Harley Quinn has posed:
Big smile when Melissa says she has done roller skating before! Then big sads when she says it isn't her thing. Even a little pout from Harley. "Well, it's an acquired taste.." this a beat later. "Because I sorta need anotha member foh my team and ..., you may just fit the bill.. I will send you an address." she is nodding as if Melissa has already accepted going, being all smiles again.

And who would want to make a clownette sad by denying such a request?!

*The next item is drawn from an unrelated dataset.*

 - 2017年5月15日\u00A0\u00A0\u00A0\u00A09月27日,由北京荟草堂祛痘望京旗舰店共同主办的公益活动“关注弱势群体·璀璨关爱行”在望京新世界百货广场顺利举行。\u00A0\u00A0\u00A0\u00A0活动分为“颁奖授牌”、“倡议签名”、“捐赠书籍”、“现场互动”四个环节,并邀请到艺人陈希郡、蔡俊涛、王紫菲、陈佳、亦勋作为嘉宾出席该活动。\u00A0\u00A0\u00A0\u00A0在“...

She just shakes her head at Pistolo, "The trick is to get it off the enemies' corpses. I already used a few durin' my time with the squad." a few bazookas?!

Melissa Gold has posed:
That...was not good advice. It was but it wasn't. Because Pistolo with a bazooka--okay, let's be honest. Anyone on this team with a Bazooka probably was a bad thing.

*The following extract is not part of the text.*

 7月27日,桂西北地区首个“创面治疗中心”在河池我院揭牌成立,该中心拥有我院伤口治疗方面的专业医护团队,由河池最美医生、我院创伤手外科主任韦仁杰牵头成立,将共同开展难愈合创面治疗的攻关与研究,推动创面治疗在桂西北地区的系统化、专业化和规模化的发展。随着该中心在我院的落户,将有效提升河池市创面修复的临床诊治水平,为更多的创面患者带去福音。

"Next week we'll meet here, out by the main gate. Have everything you need on you cause you won't get time to go back for it. Then we'll fly to our destination. If you need anything specific, such as ammunition, reach out to your contact either off site or here at the prison and they'll get you setup."

And she hopped off the desk, gathering up her pages and turning to head for the door. "It's need to know and that's all you need at this point. More will be provided next week. And we'll see if a few more people get added to the squad before that."

Wade Wilson has posed:
    Hopping up out of his seat, Wade gains his feet and slaps his hands together. "Excellent work, guys. I totally feel the synergy. We really need to work on our core competencies. Let's get together offline, loosen the kimono, maybe shift a few paradigms. Ok? Ok." Deadpool starts to stroll toward the door.
    He turns around and starts walking backwards. Then loudly he says, "What was that Harleen? NO I won't let you cheat off my homework! And NO I will no take you to prom."
    He turns back around and is already out the door.